**Data extract:**
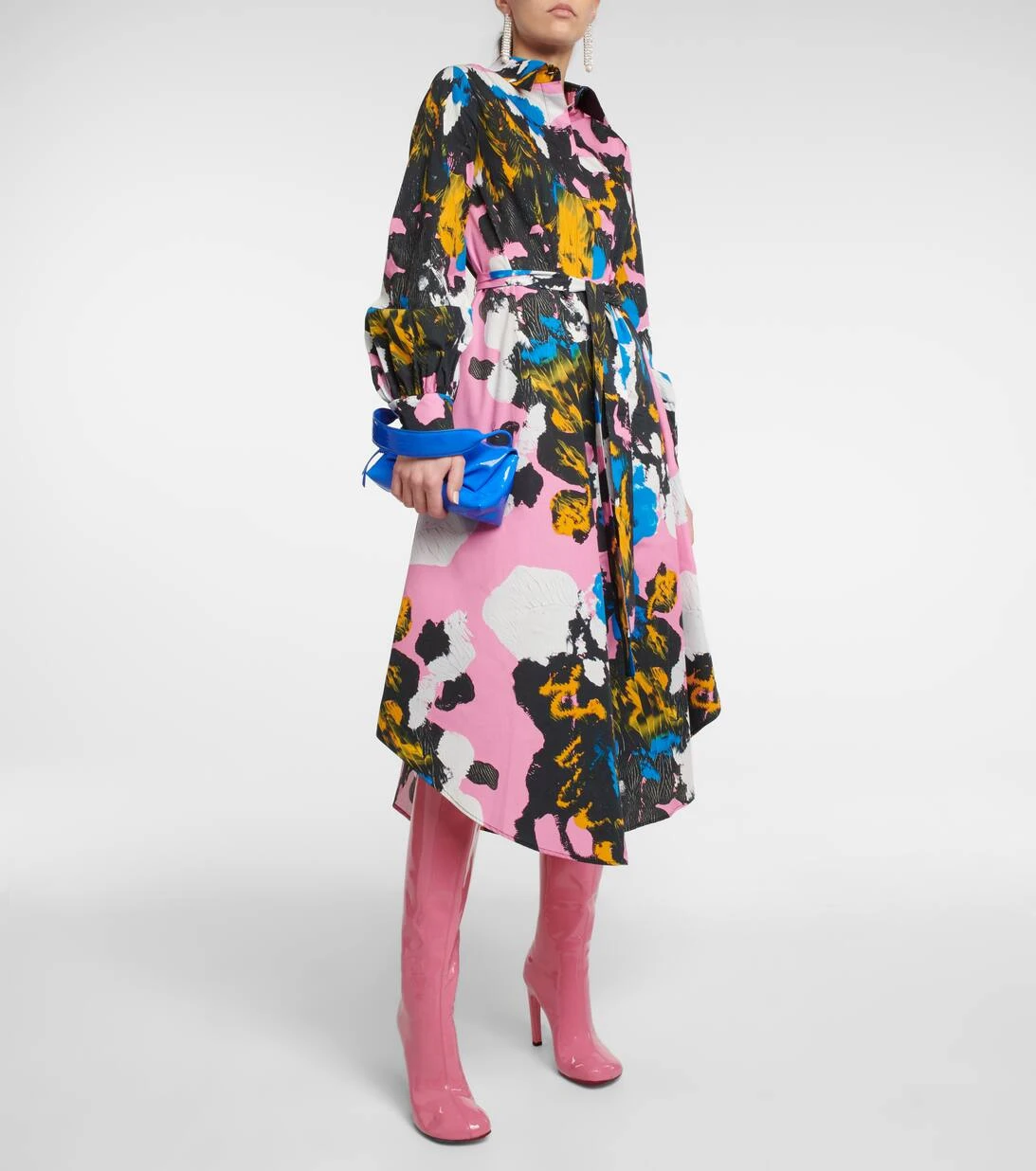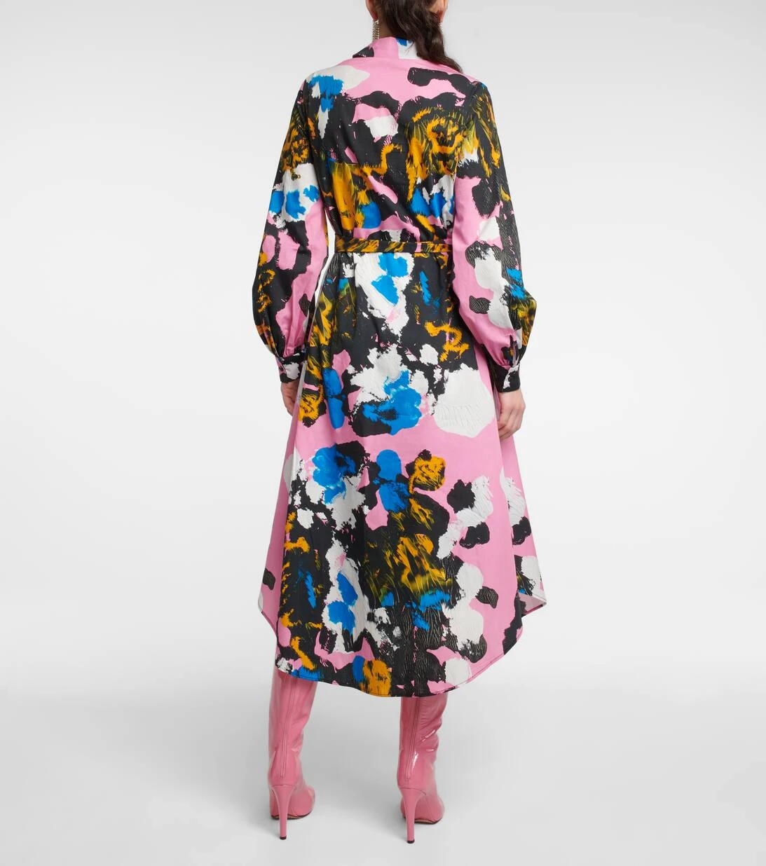 Das Mindscape Hemdblusenkleid von Christopher Kane wurde aus Jersey aus reiner Baumwolle in mit geschwungenem, mittellangem Saum gefertigt. Das lockere Modell mit langen Ärmeln zeigt abstrakte Farbkleckse, die von einem Kunstwerk des Designers stammen.
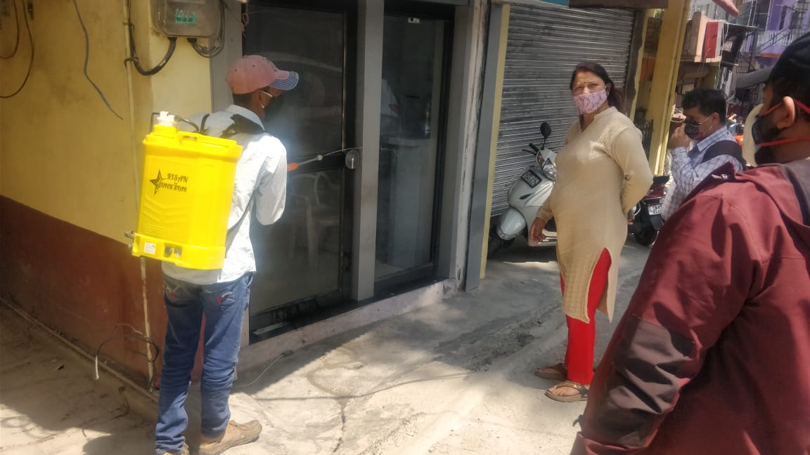 अल्मोड़ा-आज कोरोना के बढ़ते प्रकोप को देखते हुए भारतीय जनता पार्टी की महिला मोर्चा की प्रदेश मंत्री किरन पंत ने साई बाबा कालोनी,रानीधारा रोड एवम् आस पास के रास्तों,मकानों,एटीएम आदि को सैनेटाईज करवाया।इस अवसर पर उन्होंने कहा कि बीते दिनों एडम्स कम्पाउन्ड के आस पास एवं साई बाबा कालोनी में कई लोगों की कोरोना रिपोर्ट पाजिटिव आयी है।इसलिए सभी को अधिक सावधानी बरतने की आवश्यकता है।उन्होंने हर सप्ताह सैनेटाईजेशन करवाने हेतु प्रशासन एवं नगरपालिका को भी पत्र लिखकर सूचित किया है।इस कार्य में उनके साथ ललित बिष्ट,विपिन जोशी,अमन वर्मा,दीपक तिवारी आदीशि लोगों ने योगदान दिया।
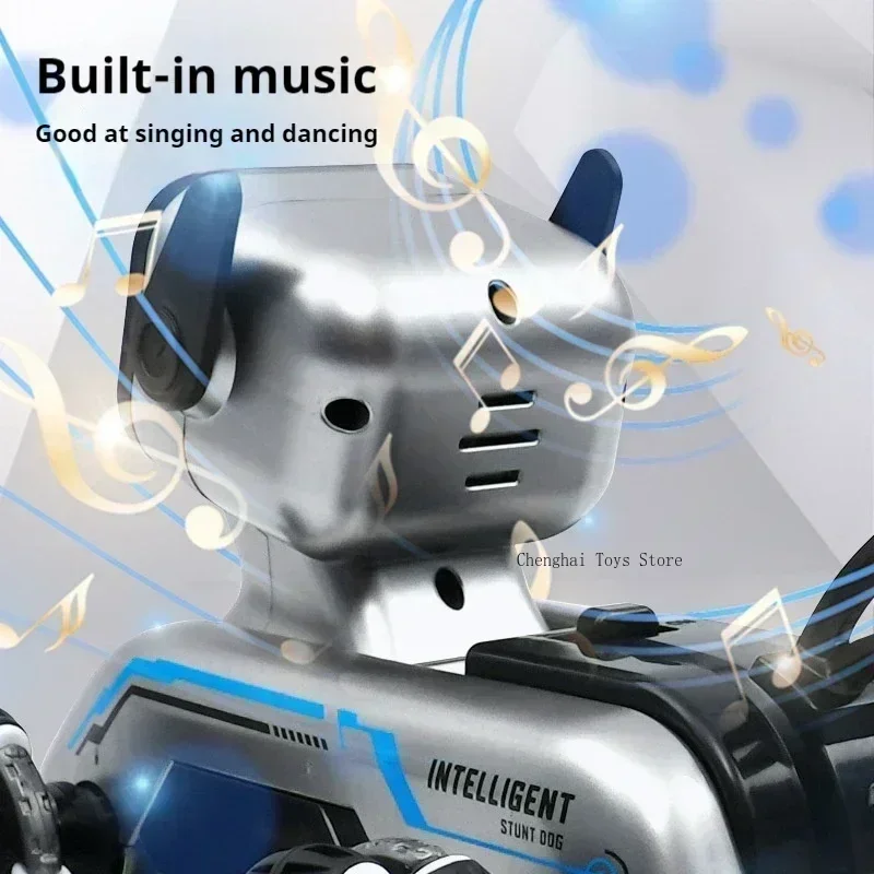 Cross-Border 25cm Interactive Tamagotchi Toy Dog with Music and Lights for Kids 8 Wheel Stunt Mechanical Dog Remote Control Car
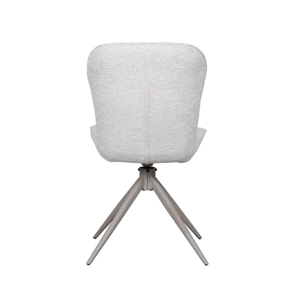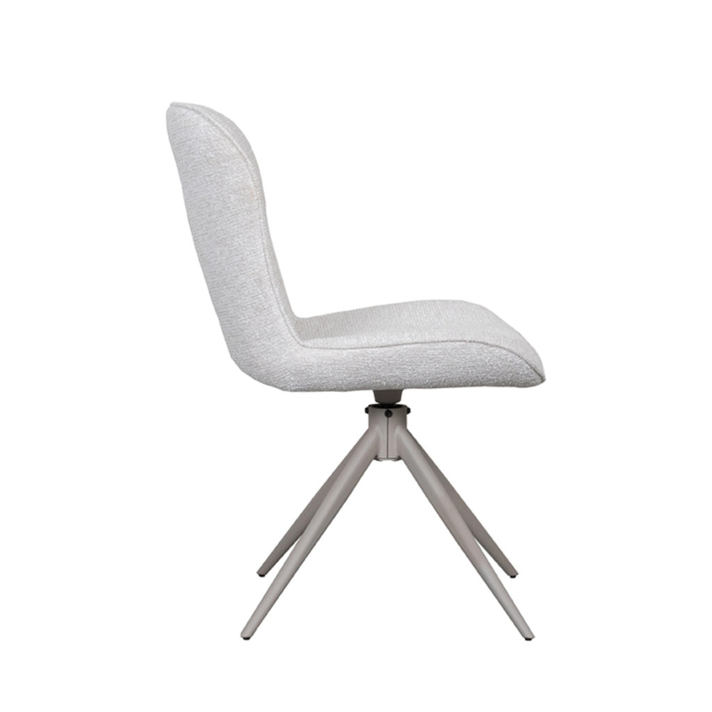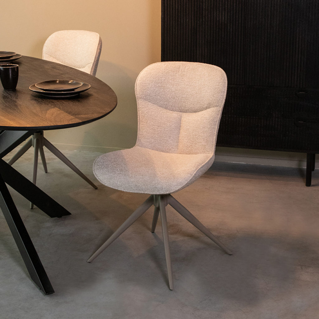 Eetkamerstoel Thorben van LABEL51 is een stijlvolle en moderne stoel die elke eetkamer naar een hoger niveau tilt. De zitting van Thorben is gestoffeerd met Canyon, wat er elegant uit ziet en bovendien makkelijk te onderhouden is doordat deze stof watervast is. De licht gekleurde stof zorgt voor een mooie, contrasterende textuur die warmte toevoegt aan elk interieur.
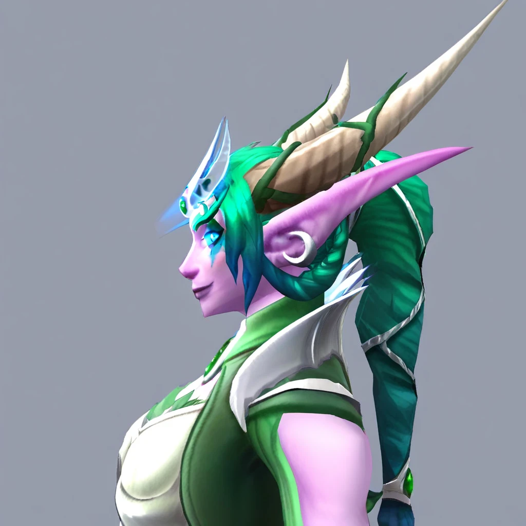 Night elf, Teal braided hair, small braids under ears, elf ears, long hair, silver and jade hair ornament, Silver tiara with saphire, White horns with ivy, blue glowing eyes, teal facial marking, long eyebrows, teal and white clothes, high collar, teal and silver shoes, naked shoulder, pelvic curtain, moon earings, Full Finger silver Ring, silver bracers with jade over clothes, baggy sleeves, glowing clothes underside,
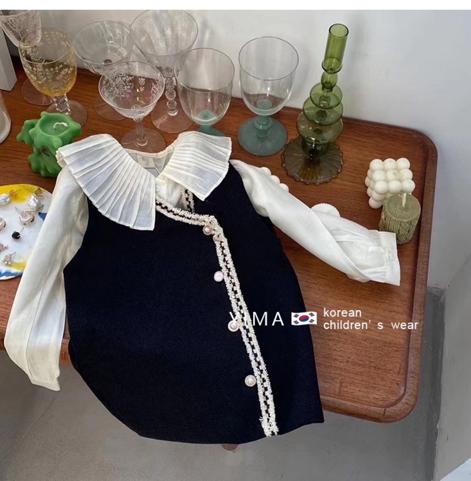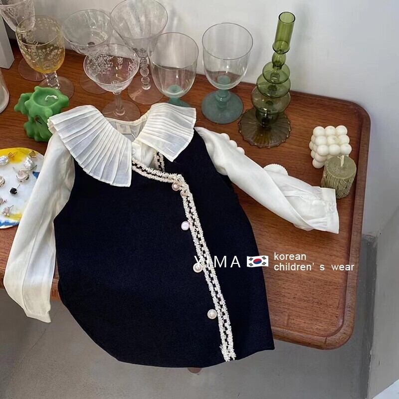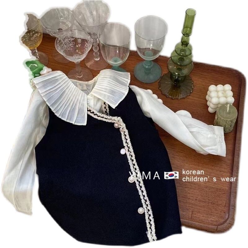色:ホワイトロングスリーブトップ,黒のタンクスカート
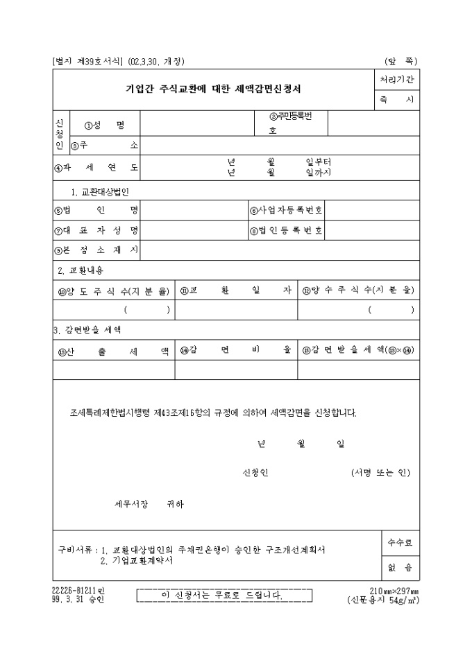 기업간주식교환에 대한 세액감면신청서(제39호)(2002.3.30. 개정)

**Assignment:** After locating the line containing "色:ホワイトロングスリーブトップ,黒のタンクスカート" in the entries above, repeat only it and each later line through the end, exactly, without any pictures.

**Exercise solution:**
色:ホワイトロングスリーブトップ,黒のタンクスカート
 기업간주식교환에 대한 세액감면신청서(제39호)(2002.3.30. 개정)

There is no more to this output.